28 September 2022
Detecting heart defects in babies and children
A team from the Department of Engineering has scooped first prize in the annual PhysioNet Computing in Cardiology challenge.
A team from the Department of Engineering has scooped first prize in the annual PhysioNet Computing in Cardiology challenge. Entrants were asked to design and implement open-source algorithms that allow heart murmurs to be identified from echo sound recordings.
Non-invasive assessment of the heart can identify congenital and acquired heart defects in children. Lack of diagnosis, especially in poorer countries with high birth rates, is a major health challenge. The data that underpinned the challenge were collected in two mass screening programmes for patients under the age of 21 in northeast Brazil.
PhysioNet was established in 1999 under the auspices of the National Institutes of Health (NIH) in the USA. It conducts and promotes biomedical research and education, in part by offering free access to large collections of physiological and clinical data and related open-source software. It has run annual biomedical challenges since 1999, focusing research on unsolved problems in clinical and basic science.

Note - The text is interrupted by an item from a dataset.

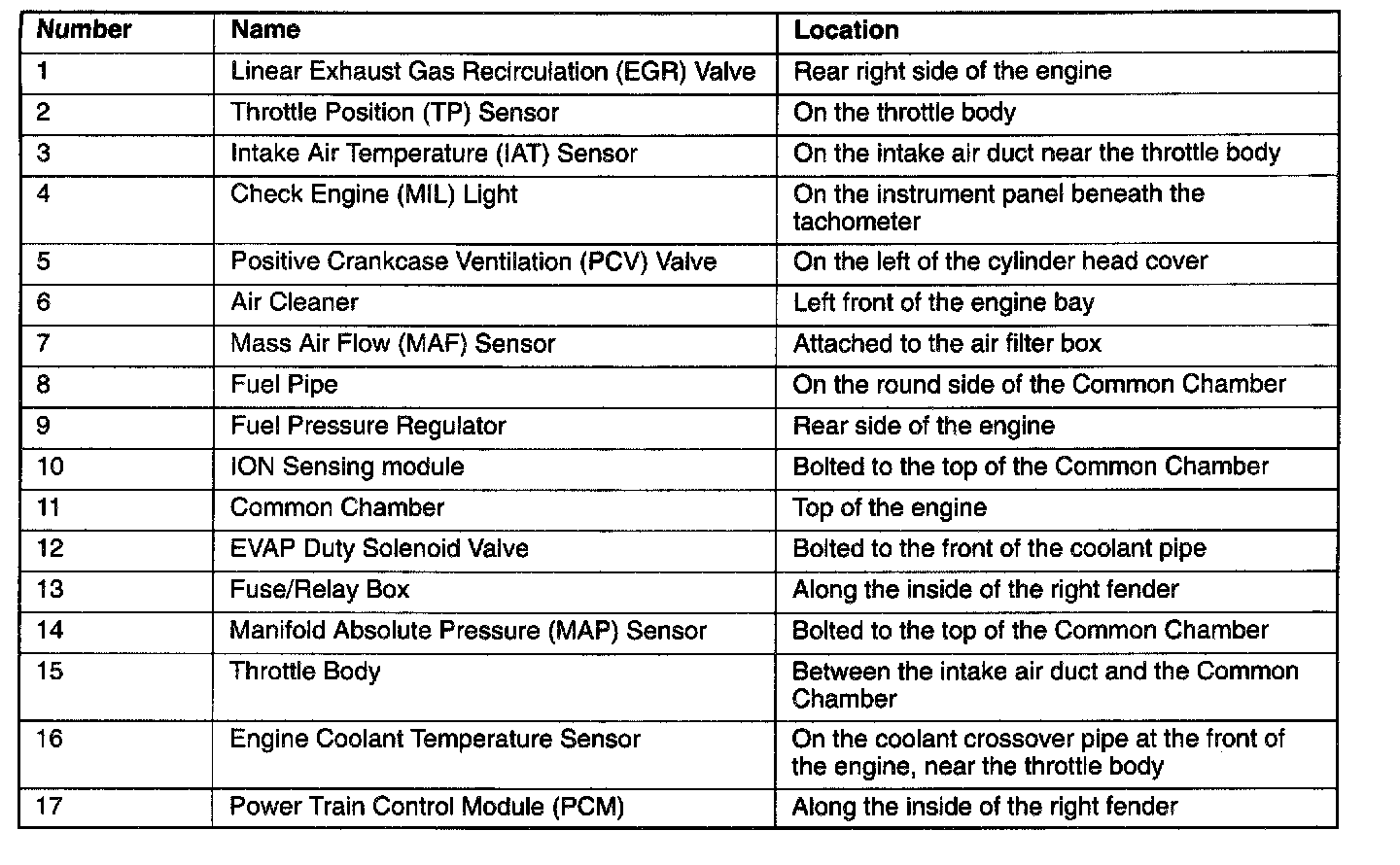 Engine Component Locator Table:

The King’s team was made up of two PhD students, Yujia Xu and Xinqi Bao, and two academics from the Department of Engineering, Dr Ernest Kamavuako, Senior Lecturer and Dr Hak-Keung (HK) Lam, Reader.
Commenting on the challenge, Ernest said:
"I am very proud of our two PhD Students to win first place in such a competitive challenge with a novel signal processing approach."

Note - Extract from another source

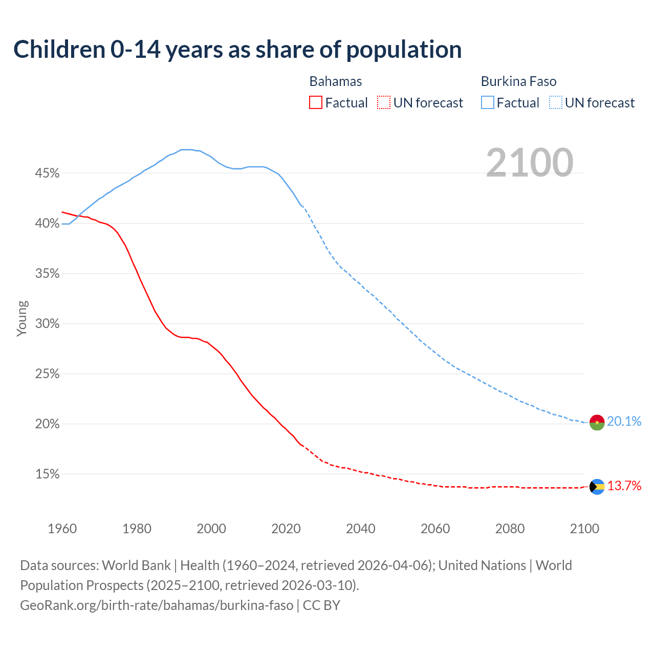 According to the latest available data on birth rates, the fertility rate in the Bahamas was 1.37 children per woman in 2023, compared to 4.19 in Burkina Faso in 2023. The replacement level is considered to be 2.1 children per woman.

Hak-Keung added: “We are pleased that our team HearTech+ has been ranked in 1st place in the 2022 PhysioNet Computing in Cardiology challenge. Ernest and I are very pound that our PhD students, Yujia Yu and Xinqi Bao, demonstrated excellent research capability to develop state-of-the-art machine-learning algorithms to detect heart murmur from phonocardiogram recordings for diagnosing congenital heart diseases that affect about 1% of newborns.”
This was an opportunity to analyse extensive patient data and develop an algorithm that recognises patterns. Such an algorithm paves the way for innovative and life-saving miniaturised heart disease detection and monitoring devices.